BACKGROUND: Guidelines for the management of adults with hospital-acquired (HAP), ventilator-associated (VAP), and healthcare-associated (HCAP) pneumonia were recently updated. These evidence-based guidelines emphasize early, appropriate antimicrobials, as well as, de-escalation of initial therapy based upon microbiologic cultures and clinical response of the patient, and to shorten duration of therapy to a minimum effective period.
OBJECTIVE: To evaluate adherence to the nosocomial pneumonia guidelines before and after a multifaceted educational intervention in conjunction with the implementation of an adult pneumonia order set.
METHODS: A three phase, retrospective, observational analysis was performed among patients with nosocomial pneumonia in a tertiary care facility. The phases consisted of an analysis of medical charts to identify empiric antimicrobial therapy for patients with nosocomial pneumonia; education of physicians on the guidelines; and repeat review of medical charts of patients with nosocomial pneumonia to observe for guideline adherence. An adult pneumonia order set was introduced to the medical staff prior to the initiation of the observational analysis and provided a modality for prescribers to be most compliant with the current recommendations for treating pneumonia. Order set utilization was tracked throughout the observational analysis to determine if various educational interventions increased compliance.

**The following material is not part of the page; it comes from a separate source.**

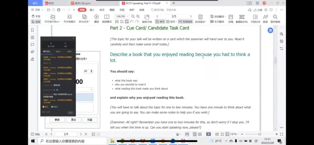 2022年10月26日下午,外国语学院产学研基地策马翻译为我院学生带来关于雅思证书入门培训的线上讲座。此次讲座是本学期我院与策马翻译展开的一系列实习培训项目的首次活动,学生们有很高的参与热情。主讲人为策马翻译Lindsey老师,她是策马全职译训师、外交部翻译司前高级翻译,拥有美国蒙特雷国际研究院英语口笔译硕士学位,并持有CATTI一级口译、二级笔译证书。她从考试结构、要求和题型等方面,深入浅出地为学生们介绍了雅思英语证书考试。Lindsey老师鼓励学生们提前规划自己的英语学习道路,并为学生们提供了很多雅思英语考试案例和备考经验,通过一系列有实战意义的方法和技巧,帮助大家克服畏难情绪,以更加积极主动的心态进行英语学习。

RESULTS: Thirty-three patients were evaluated pre-education: 5 transferred, 16 discharged, and 12 died. Thirty-one patients were evaluated post-education: 6 transferred, 21 discharged, and 4 died. The combined sixty-seven patients received two hundred forty-eight orders for forty-four unique antimicrobial agents from five different services. Appropriateness of antimicrobial prescribing, designated by adherence to the clinical practice guidelines, did not improve following an educational intervention. However, the adult pneumonia order set was utilized in forty-eight percent of the post-education group while only being implemented in nine percent of the pre-education group. The prescribing of single or additional antimicrobials, while utilizing the adult pneumonia order set, commonly resulted in overall noncompliance with the consensus guidelines.
CONCLUSIONS: This analysis showed that educational efforts alone were not effective in improving the appropriateness of prescribing empiric antimicrobial therapy in accordance with the guidelines. Prescribing compliance with pre-printed orders, in addition to periodic interactive educational interventions, should be addressed when introducing and maintaining adherence to new clinical practice guidelines.